Uploaded By: FREEMAN

Cast

Marlon Brando as Sky Masterson
Frank Sinatra as Nathan Detroit
Jean Simmons as Sarah Brown
Vivian Blaine as Miss Adelaide

Movie Reviews

Reviewed by LouE15 8 / 10

It's chemistry! Enduring and quirky musical

I'm intrigued by the strong sense of favour towards (or sympathy for!) Sinatra in the other reviews here. I've read elsewhere that Sinatra never seems to have forgiven anyone for *not* being cast as Sky Masterson.

OK, so who wouldn't want to be cast as Sky Masterson? – it's a great part: the charismatic successful gambler who makes a grave mistake when he allows himself to be suckered into a bet, in which he must take Salvation Army Sargeant Sarah Brown on a date to Cuba, or lose. It's not the money – it's the pride, but he and she meet their match. Meanwhile Nathan Detroit must juggle his long-suffering fiancée Adelaide with trying to find a spot for a craps game which will make him rich if it doesn't alienate his fiancée forever first.

The film started life as a series of short stories by Damon Runyon: that's his unique dialogue you hear, and those are his great character names, and that's his horse-racing/nightclub/late night gambling world. Then it became a musical, and you can't help but feel that in film form it never really left the stage. The camera is unusually static and the sets remarkably – and not pleasingly – flat and childlike. Fortunately the music is so great, I don't care that much.

My absolute favourite thing about this film, though, is the singing and acting of the two non-singers, Brando (as Sky) and Jean Simmons (as Sargeant Sarah Brown). Of course, putting pro singers into these roles would have produced better music; but what surely gets forgotten is that two such excellent actors brought something else to the party instead: what they lacked in vocal talent they more than made up for in gusto, acting ability, and pathos, pathos, pathos. You're with Sky as he argues with Sarah against reason, steadiness, pipes and safety.

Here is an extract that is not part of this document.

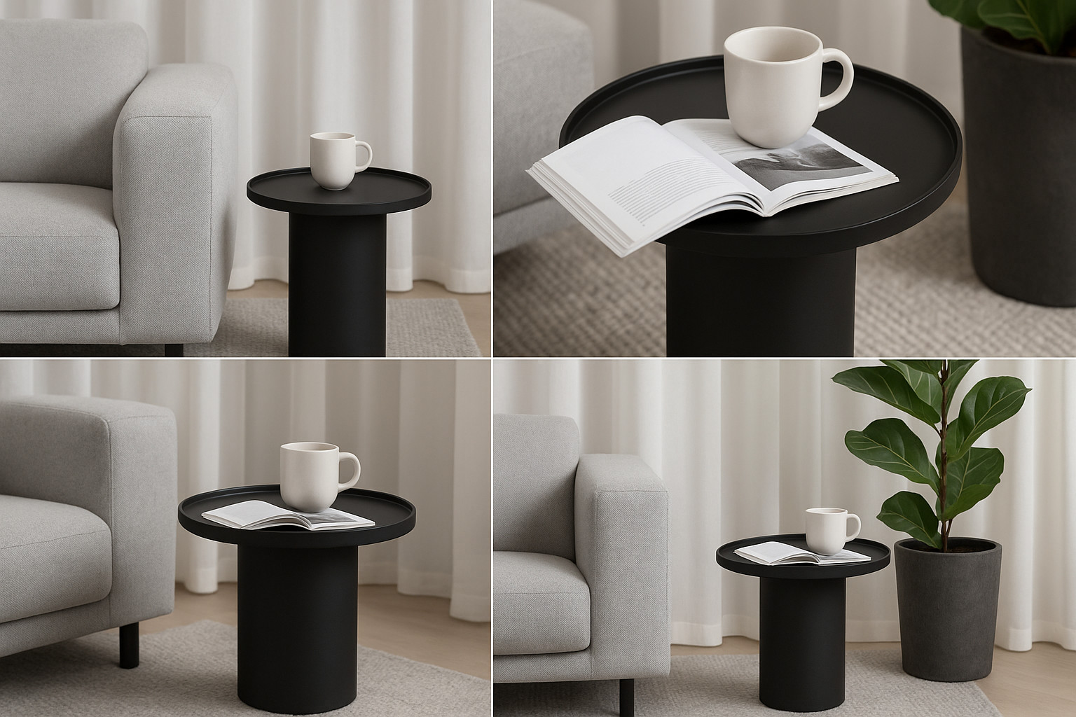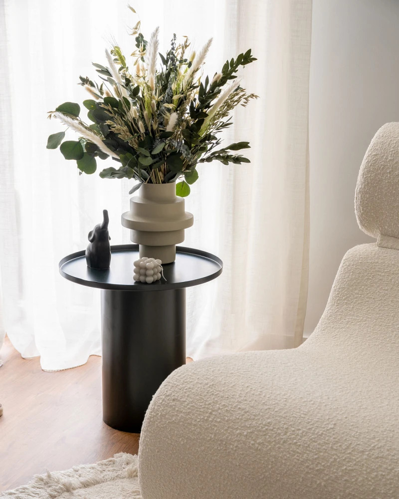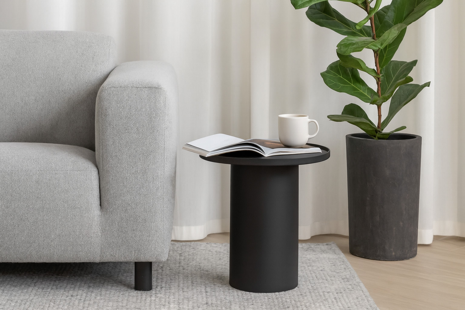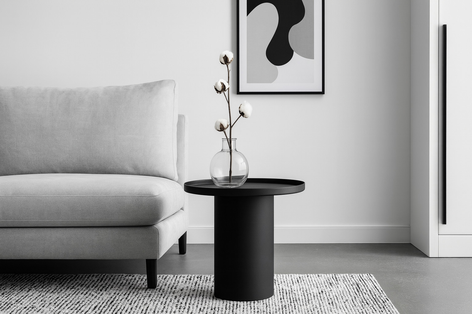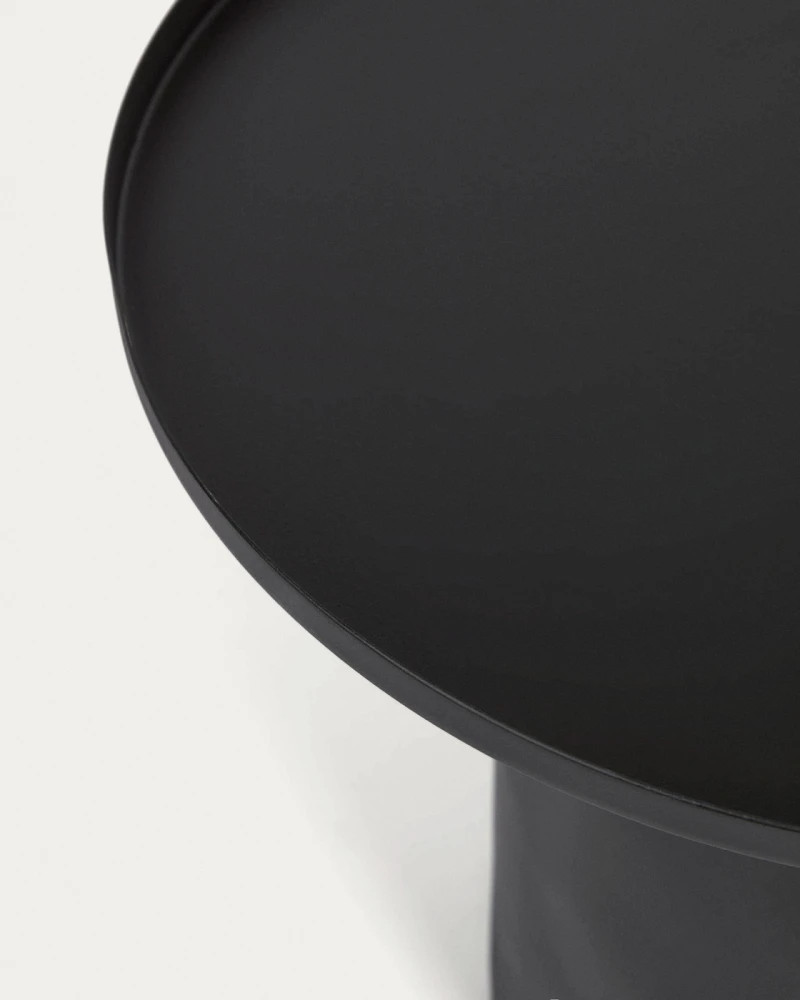 Журнальный столик Fleksa полностью сделан из металла. Он окрашен в серый или черный матовый цвет по методу порошкового покрытия. Такая технология обеспечивает идеальную поверхность. Цвет изделия зависит от выбранной модели. Края столешницы загнуты вверх, благодаря чему случайно пролитая жидкость не стечет на пол. Высота бортиков – 2 см. Широкое основание обеспечит устойчивость на любом покрытии и равномерное распределение нагрузки. Благодаря прочности металла, стол не деформируется от нагрузок, а сама поверхность легко чистится от загрязнений. В коллекции Fleksa представлено два стола с разными размерами.

You enjoy Sarah's loosening up under the influence of Cuban "milk". You feel completely the suddenness and passion of their scene in the courtyard with bells ringing and an hour to go before the plane takes them home. As Sky rightly says, it's "chemistry". Pro singers – be they Broadway belters or smooth crooners – can't necessarily be relied on to make this happen. (And they certainly didn't.) I read somewhere that Brando criticised Sinatra for not putting all of himself into his role of Nathan Detroit. Sinatra in turn was infuriated by Brando's four-take acting method. As a Brando fan (does it show?!) I'm bound to take the other side, but I can't imagine that this film would have been the much-adored classic it is today if Brando and Simmons hadn't been in it with their wonderful chemistry; Brando's unpredictability; Simmons' face, all pink cheeks and brown hair, drunk and ashamed in a Cuban bar. Beautiful. I'll always want a copy of this film lying around in case I need to feel good again. You'll forgive me if give some of the Nathan (sleep)talking parts the 100% brush-off though, won't you? You won't? Oh, be quiet and have some more of Mindy's cheesecake!

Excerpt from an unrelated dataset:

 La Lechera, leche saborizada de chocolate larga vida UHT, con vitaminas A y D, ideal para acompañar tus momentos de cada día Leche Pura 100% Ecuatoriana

Reviewed by jotix100 8 / 10

Times Square according to Damon Runyon

Damon Runyon's world of Times Square, in New York, prior to its Disneyfication, is the basis for this musical. Joseph L. Mankiewicz, a man who knew about movies, directed this nostalgic tribute to the "crossroads of the world" that show us that underside of New York of the past. Frank Loesser's music sounds great. We watch a magnificent cast of characters that were typical of the area. People at the edges of society tended to gravitate toward that area because of the lights, the action, the possibilities in that part of town. This underbelly of the city made a living out of the street life that was so intense.

Some of the songs from the original production were not included in the film. We don't know whether this makes sense, but this is not unusual for a Hollywood musical to change and alter what worked on the stage. That original cast included the wonderful Vivian Blaine and Stubby Kaye, and we wonder about the decision of not letting Robert Alda, Sam Levene, Isabel Bigley repeat their original roles. These were distinguished actors that could have made an amazing contribution.

The film, visually, is amazing. The look follows closely the fashions of the times. As far as the casting of Marlon Brando, otherwise not known for his singing abilities, Frank Sinatra and Jean Simmons, seem to work in the film. Sky Masterson is, after all, a man's man, who would look otherwise sissy if he presented a different 'look'. Frank Sinatra is good as Nathan Detroit. Jean Simmons, as Sarah Brown, does a nice job portraying the woman from the Salvation Army who suddenly finds fulfillment with the same kind of man she is trying to save.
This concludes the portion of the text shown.